It's still preferable to mark them as s3 methods so that they're not exported and to ensure method dispatch finds them (roxygen2 used to have an @s3method foo bar
tag but I think this is defunct).
Yes, this is a valid approach. Note that there is nothing special about the evaluation of an S4 method vs. an S3 method. All the same slots etc. are accessible.
Thanks all, this has certainly been a learning experience for me! Verbs are now implemented as simple S3 dispatch and everything seems to work as expected. I still need to look into the ways to add e.g.
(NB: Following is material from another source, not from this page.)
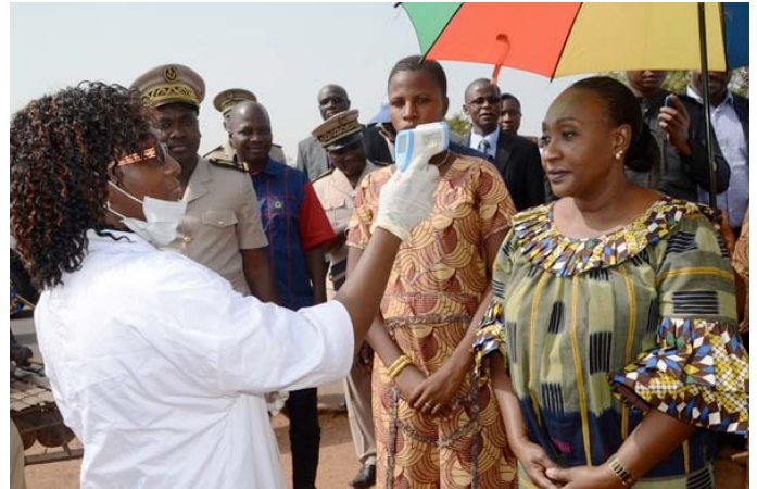
Respect des consignes oblige, la Ministre se fait prendre la température avec un thermomètre à infra rouge

GRanges columns, so if anyone has some examples to test that would be great.
Actually, I think I have that working, too...
I think some tests for List
columns would be a good idea too:
library(IRanges)
library(S4Vectors)
a = DataFrame(col = 1:3)
lc = NumericList(NA, runif(3), rnorm(5))
a <- mutate(a, new_col = 2*lc)
I get
Error in 2 * lc : non-numeric argument to binary operator
but I'm not sure DFplyr is the problem... I get the same thing with a regular list column
x = tibble::tibble(col = 1:3, a = list(NA, rnorm(3), rnorm(5)))
dplyr::mutate(x, newcol = 2 * a)
This sounds like it needs a map.
I do, however, still have issues working with S4 columns.
That's odd. Here's what you should get when multiplying a NumericList (no data frames involved):
> lc = NumericList(NA, runif(3), rnorm(5))
> lc
NumericList of length 3
[[1]] <NA>
[[2]] 0.711012468906119 0.134303599130362 0.757121869595721
[[3]] -0.482856492744561 2.34164965257033 ... 0.633040946945741
> lc * 2
NumericList of length 3
[[1]] <NA>
[[2]] 1.42202493781224 0.268607198260725 1.51424373919144
[[3]] -0.965712985489122 4.68329930514065 ... 1.26608189389148
So 2 * lc
will work outside of mutate()
cause there's a Math ops defined for List
classes without the need for for an lapply
. I'm guessing the conversion back to a regular list
when you call mutate
results in the error. Should this work?
btw this kind of thing was a huge pain point to get to work for plyranges and was the reason I needed to rewrite a lot of stuff without explicitly converting to tibble.
It looks like the conversion to tibble doesn't perserve the List
structure, it drops it to a regular list-column. I might be able to recover that.
That said, it looks like dplyr straight out doesn't support S4 columns at all, even if the operation doesn't involve them, and that's buried in the C code
x <- DataFrame(a = 1:4, gr = GRanges("chrY", IRanges(1:4, width = 10)))
dplyr::filter(x, a == 3)
Error: Column `gr` is of unsupported class GRanges
This part might take longer to resolve.
Alternatively, I could just rewrite the verbs in base and forego the conversion to tibble entirely.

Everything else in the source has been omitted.